On Sun, Apr 12, 2020 at 1:09 AM ADSGarson O'Toole <adsgarsonotoole at gmail.com>

> The adage in the subject line was discussed on this mailing list
> within a thread initiated by Jonathan Lighter back in March 2011.
> http://listserv.linguistlist.org/pipermail/ads-l/2011-March/107699.html
> After a brief interval of nine years the QI website now has an article
> on this topic:
> https://quoteinvestigator.com/2020/04/11/casualty/
> [Begin excerpt]
> Great thanks to Christopher Field, Mark Schulman, Peter Gainsford,
> Peter Olausson (faktoids), and DarksideJohnny whose inquiries led QI
> to formulate this question and perform this exploration.
> Special thanks to researchers Barry Popik, Jonathan Lighter, Charles
> Clay Doyle, Wolfgang Mieder, Fred R. Shapiro, Stephen Goranson, and
> Nigel Rees and others who have explored this topic.
> [End excerpt]
> The earliest close match, I believe, was located by Barry Popik back
> in January 2011. It is listed on his website and also within "The
> Dictionary of Modern Proverbs" (2012) of Charles Clay Doyle, Wolfgang
> Mieder, and Fred R. Shapiro.
> The QI article contains some new information.

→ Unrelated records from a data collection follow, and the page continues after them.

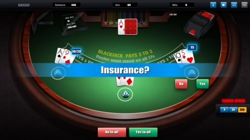 - При тузе у дилера и блэкджеке у игрока пользователь может взять равные деньги.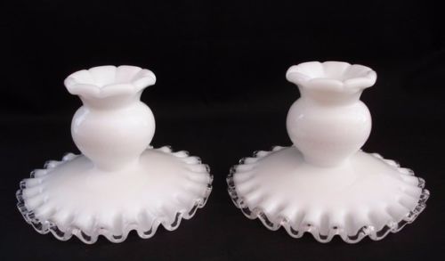 Fenton Silver Crest Milk Glass Pair Candle Holders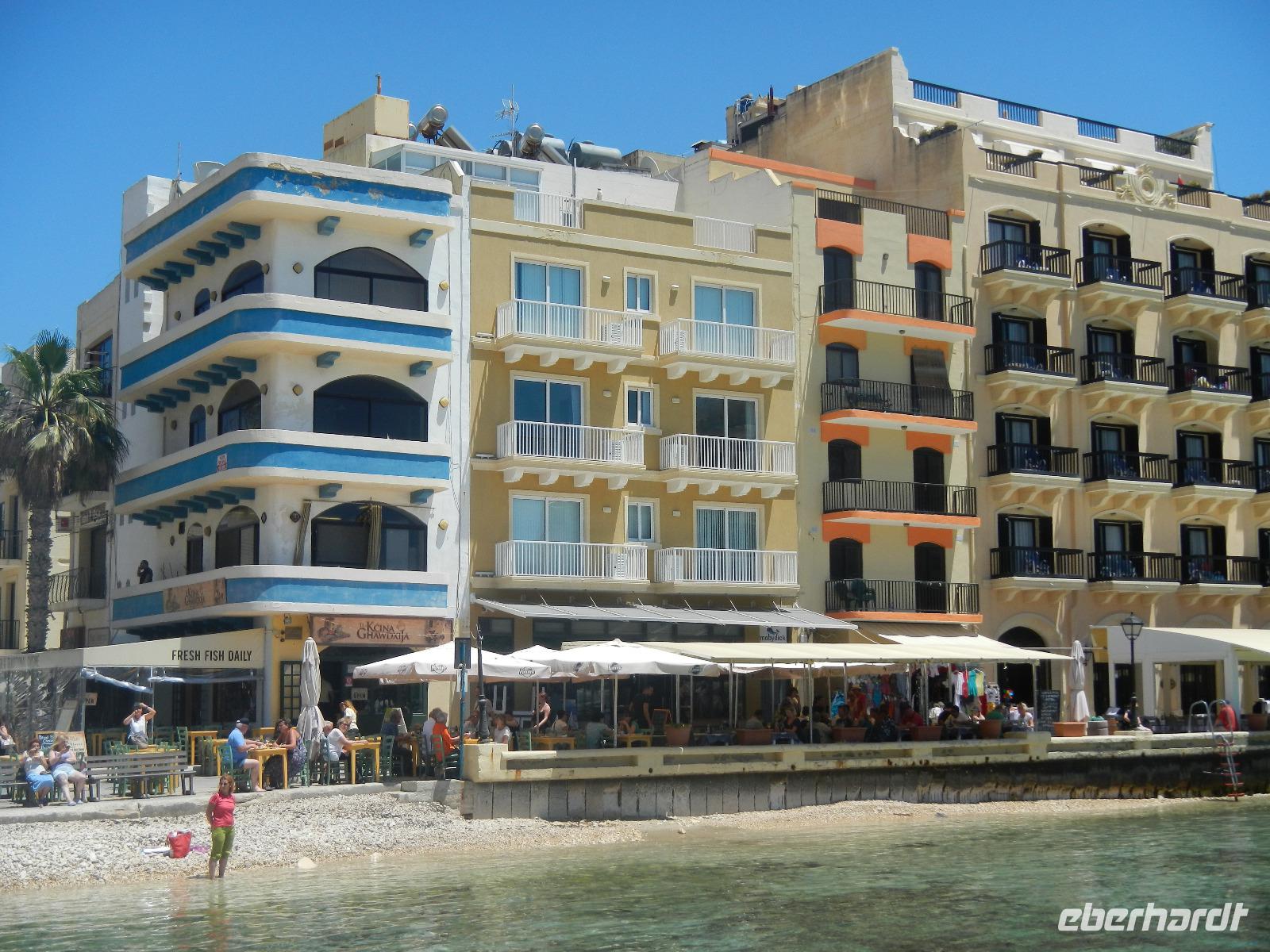 Erwartet werden wir von Anja, die uns zum Transferbus begleitet, der uns heute Mittag zum Seashells Resort at Suncrest in Qwara (ausgesprochen: Auwra) bringt. Im Hotel angekommen suchen wir uns eine ruhige Ecke, lassen die Koffer verstauen und Anja erläutert uns bei einem (im 2. Anlauf) "Kinnie" das geplante Besichtigungsprogramm. So langsam überkommt uns auch der kleine Hunger, und wir spazieren zu einem Strandimbiss, der eine typisch maltesische Küche anbietet. Wir lassen es uns schmecken und freuen uns nun auf den Bezug der Zimmer. Bis zum Abendessen vertreiben wir uns die Zeit in der noch unbekannten Umgebung.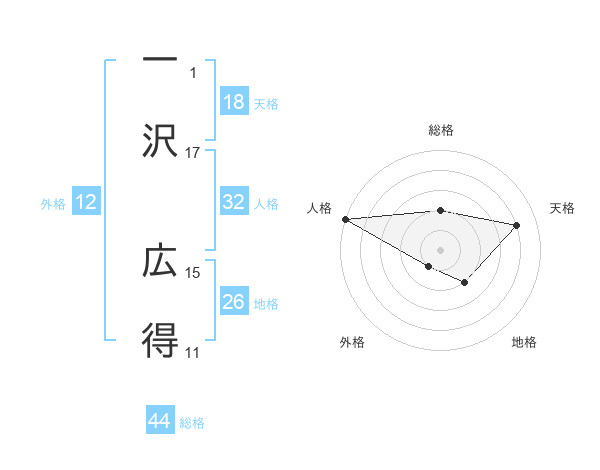一沢 広得さんの総格は44画の2点!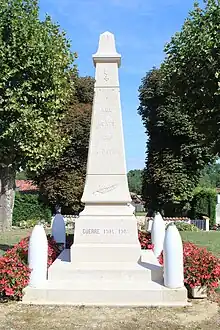 - Le monument aux morts fut érigé en 1920 à l'intersection entre la route D 67 et la route de Palordet. Il faut déplacé en 2015 en face de la nouvelle mairie[30].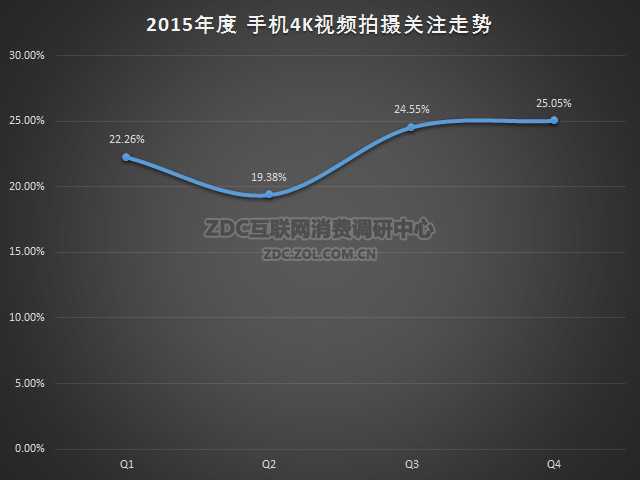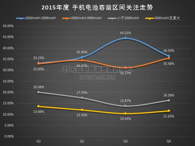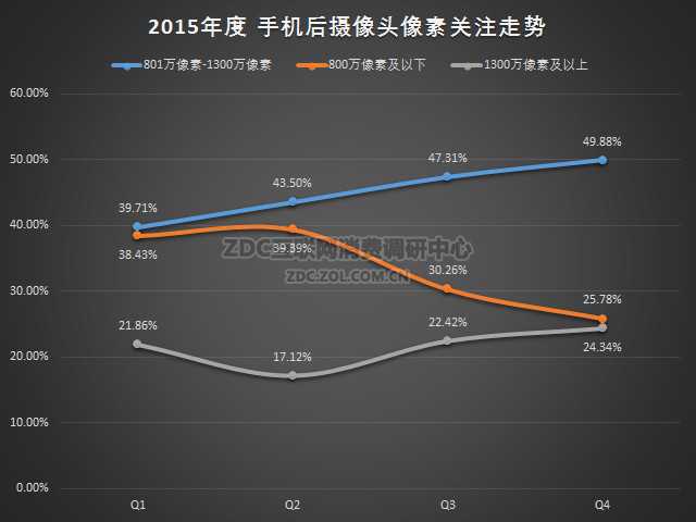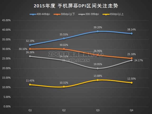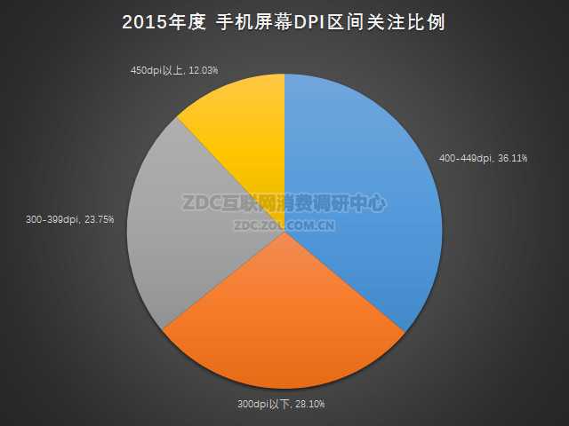从走势来看,2015年度,采用400-449dpi的手机关注度呈先升后降的走势,尤其在Q3达到39.20%,逼近四成,之后小幅下滑1.06个百分点。300dpi的手机关注度责成直线下滑的走势,Q4降至25.18%。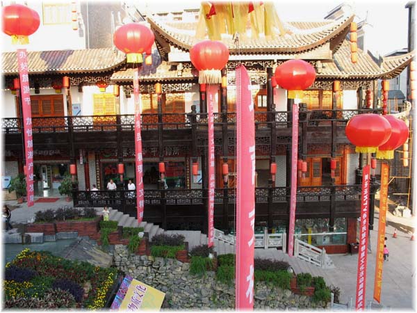 大庸府城 中央景區(qū)內(nèi)有“張家界多民族非物質(zhì)文化遺產(chǎn)展示館”和“張家界博物館”兩大主題展廳。其中多民族非物質(zhì)文化展示館主要由土寨、苗寨、侗鄉(xiāng)、瑤山、白館組成,每個(gè)展廳用情景交融的方式將其特殊的文化、建筑、起居、服飾、飲食、歌舞、傳說、戲劇、工藝、禁忌、喪葬等予以集中展示。張家界所處的大湘西,集聚著土家族、苗族、白族、侗族、瑤族等五大主體少數(shù)民族,由于大山的阻隔,千百年來他們?nèi)匀槐3种髯元?dú)特而燦爛的文化與傳統(tǒng)。其中桑植民歌、土家族擺手舞、苗家鼓舞、土家織錦、江永女書、灘頭年畫、花瑤挑花等都已被列入中國首批“國家非物質(zhì)文化遺產(chǎn)保護(hù)名錄”。

> (1) U.S. Senator Hiram Johnson has often received credit for the adage
> based on a speech he supposedly delivered in 1917 or 1918.
> Unfortunately, a precise citation for this elusive oration has never
> been located.
> Now, the QI article reveals that Johnson did employ the line, but he
> was speaking in 1929 about Kellogg–Briand Anti-War Pact. "The
> Baltimore Sun" on January 16, 1929 reported that Johnson said, "The
> first casualty when war comes is truth". The 1948 reference "The
> Macmillan Book Of Proverbs" shifted the date of the Johnson
> attribution to 1918 for unclear reasons.
> (2) Aeschylus often receives credit although the attribution is
> currently unsupported.
> The QI article presents evidence regarding the earliest
> misattribution; historian Arthur M. Schlesinger Jr.'s  biographical
> work "A Thousand Days: John F. Kennedy in the White House" states that
> JFK credited Aeschylus with "In war, truth is the first casualty" in a
> loose-leaf notebook that he kept for recording bon mots circa 1945-46.
> The QI article also presents a hypothetical mechanism for the
> Aeschylus misattribution. See the 1950 citation.
> Garson
> ------------------------------------------------------------
> The American Dialect Society - http://www.americandialect.org

"If the truth is half as bad as I think it is, you can't handle the truth."